If it's incandecent it's probably not doing much to help the plants... their spectrum is very poor for plant growth. If you could get a screw in spiral flourecent bulb (usually sold as "energy saver" bulbs at the hardware store) in as high a wattage as you can find (probably 20w or 30w) it would be much more useful.


----------



## nap83 (Feb 7, 2006)

it's incandescent, i was thinking of getting a flourescent and will definitely do that! thanks.

do i need seachem flourish excel? iron? or fe?

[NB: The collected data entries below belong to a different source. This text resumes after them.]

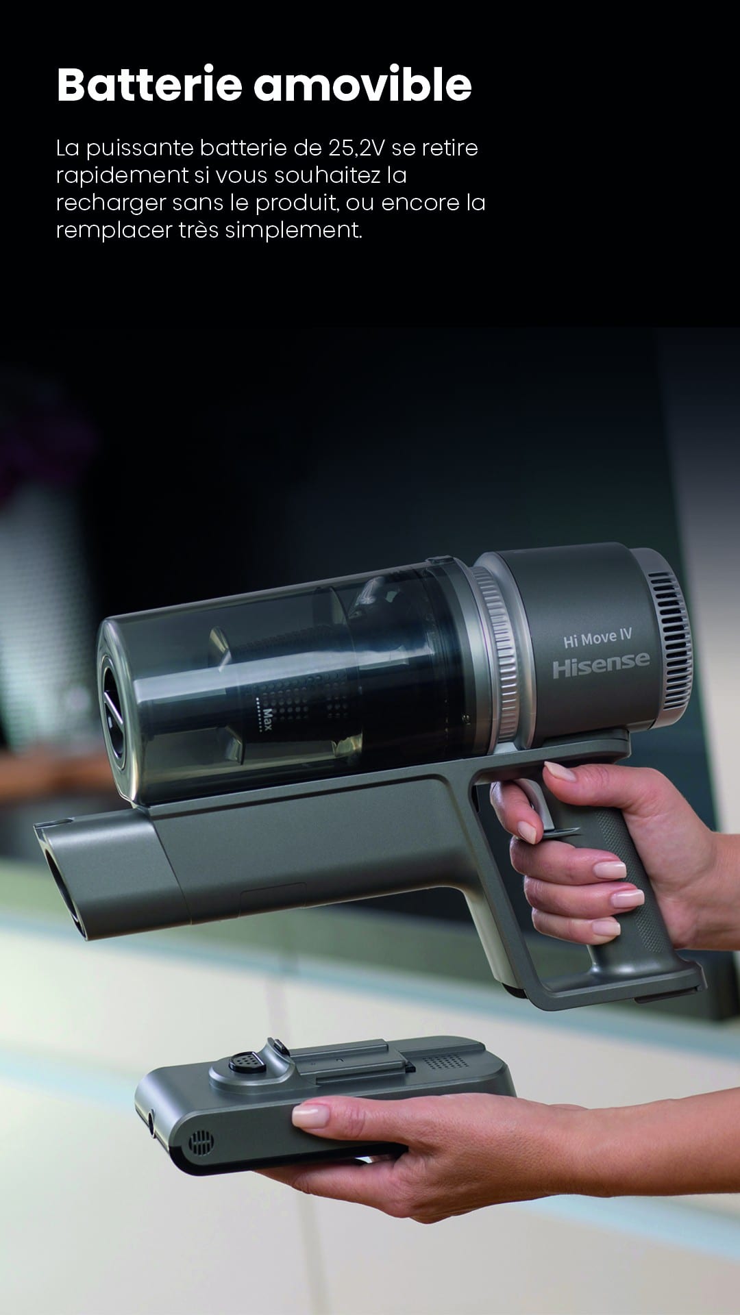 La puissante batterie de 25,2V se retire rapidement si vous souhaitez la recharger sans le produit, ou encore la remplacer très simplement. (visuel non contractuel)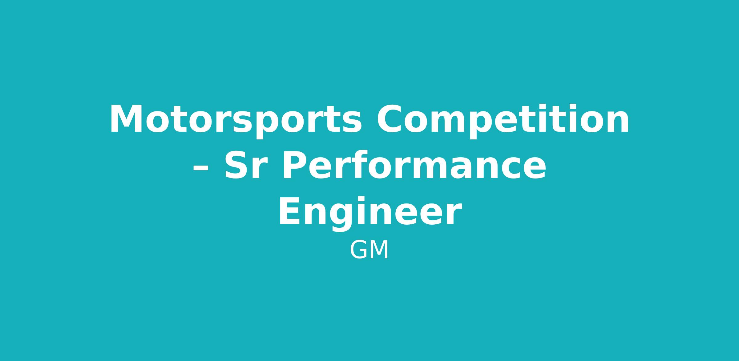 Motorsports Competition – Sr Performance Engineer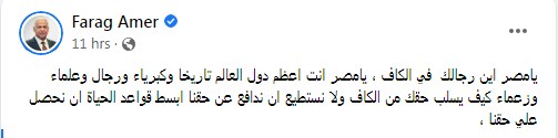 وقال في تدوينة سابقة "يامصر اين رجالك في الكاف، يامصر انت اعظم دول العالم تاريخا وكبرياء ورجال وعلماء وزعماء كيف يسلب حقك من الكاف ولا نستطيع ان ندافع عن حقنا ابسط قواعد الحياة ان نحصل علي حقنا"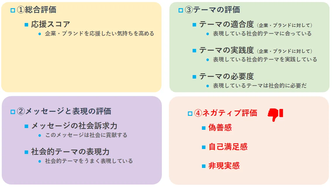 とりわけ、SDGsの取り組みのメッセージは、これまでの消費促進の広告とは異なる方向にあるので、販売効果とは別の評価視点を持つことが求められます。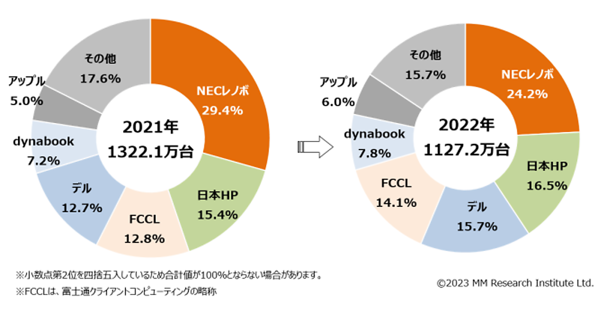 MM総研は「2022年暦年 国内パソコン出荷台数調査」を実施した。2022年1~12月の国内パソコン出荷台数と業界シェアについて調べている。

thanks for all the replies guys!!!


----------



## Laith (Sep 4, 2004)

nap83 said:


> ...
> do i need seachem flourish excel? iron? or fe?
> 
> ...


Flourish Excel it an alternative source of carbon for plants and is good to use if you're not adding CO2 (some people add it even if they do have CO2). It's not as "efficient" as CO2 but I've had good results with it on low light tanks.

Iron? or Fe? Fe is Iron. The standard Flourish provides trace elements. Flourish Iron provides a source of iron. You need to use the two together.


----------



## nap83 (Feb 7, 2006)

i put TWO of these in my clamp-ons on top of the tank.










i had incandescent reveals but it got way too hot and doesn't have enough lumens (630) and didn't have enough life hours.

here's the specs of this one:
900 lumens
10,000 life hours
60 watts (though it says that that's the output, it uses 15 watts for energy)

so how many watts am i getting extra? 15 or 60 each? i know it would be less since it's clamped on. someone enlighten me!


----------



## jude_uc (Feb 7, 2006)

When people talk about wattage for aquaria, they are talking about the 15 watts. The 60 watts it says on the package of the bulbs means that it puts out the equivalent of a 60 watt incandesant bulb. If you look everyone in a while at walmart or other large stores, you can find even bigger florescents, but you've gotten yourself up to 2 watts per gallon which is already a reasonable amount of light.

-Adam


----------



## nap83 (Feb 7, 2006)

thanks (that makes me feel good!!), when i get the money, i'll get me some bright kits hehe.


----------